▶ **Input data**

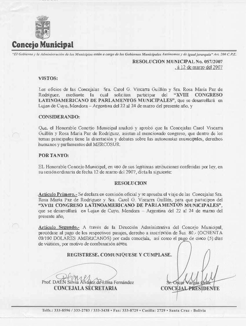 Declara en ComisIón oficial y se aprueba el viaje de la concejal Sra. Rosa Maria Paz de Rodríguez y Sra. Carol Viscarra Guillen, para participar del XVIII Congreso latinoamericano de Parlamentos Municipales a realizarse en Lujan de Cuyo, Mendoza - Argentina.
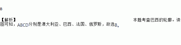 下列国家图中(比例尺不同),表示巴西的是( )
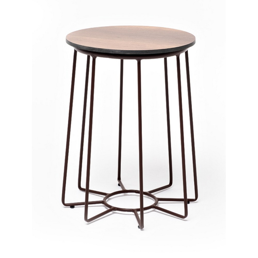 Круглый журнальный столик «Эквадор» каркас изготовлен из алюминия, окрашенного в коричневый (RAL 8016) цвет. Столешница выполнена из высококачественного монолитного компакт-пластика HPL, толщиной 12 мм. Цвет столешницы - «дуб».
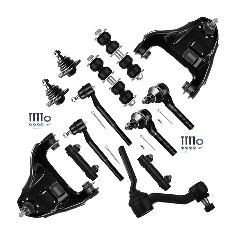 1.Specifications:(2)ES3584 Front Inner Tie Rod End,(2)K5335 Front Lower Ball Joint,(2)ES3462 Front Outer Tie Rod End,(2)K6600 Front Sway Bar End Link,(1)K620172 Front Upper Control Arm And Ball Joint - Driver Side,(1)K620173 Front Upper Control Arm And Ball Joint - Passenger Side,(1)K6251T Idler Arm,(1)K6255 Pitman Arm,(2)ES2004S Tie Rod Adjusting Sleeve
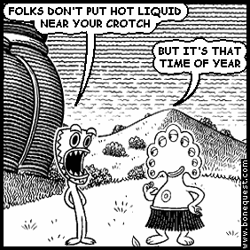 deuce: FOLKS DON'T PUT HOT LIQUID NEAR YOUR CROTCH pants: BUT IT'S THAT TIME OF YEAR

--

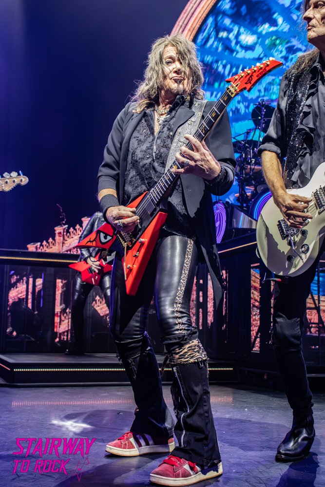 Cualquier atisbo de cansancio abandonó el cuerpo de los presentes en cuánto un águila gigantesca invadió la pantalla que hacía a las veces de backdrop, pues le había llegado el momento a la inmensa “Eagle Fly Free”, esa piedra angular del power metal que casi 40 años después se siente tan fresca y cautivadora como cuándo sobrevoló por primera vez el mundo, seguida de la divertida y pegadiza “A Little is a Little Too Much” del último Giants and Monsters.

▶ **Task requirements**
Find the line with "Круглый журнальный столик" and the line with "deuce: FOLKS DON'T" in the records above. Copy both and all lines between them exactly, without pictures.

▶ **Solved exercise**
 Круглый журнальный столик «Эквадор» каркас изготовлен из алюминия, окрашенного в коричневый (RAL 8016) цвет. Столешница выполнена из высококачественного монолитного компакт-пластика HPL, толщиной 12 мм. Цвет столешницы - «дуб».
 1.Specifications:(2)ES3584 Front Inner Tie Rod End,(2)K5335 Front Lower Ball Joint,(2)ES3462 Front Outer Tie Rod End,(2)K6600 Front Sway Bar End Link,(1)K620172 Front Upper Control Arm And Ball Joint - Driver Side,(1)K620173 Front Upper Control Arm And Ball Joint - Passenger Side,(1)K6251T Idler Arm,(1)K6255 Pitman Arm,(2)ES2004S Tie Rod Adjusting Sleeve
 deuce: FOLKS DON'T PUT HOT LIQUID NEAR YOUR CROTCH pants: BUT IT'S THAT TIME OF YEAR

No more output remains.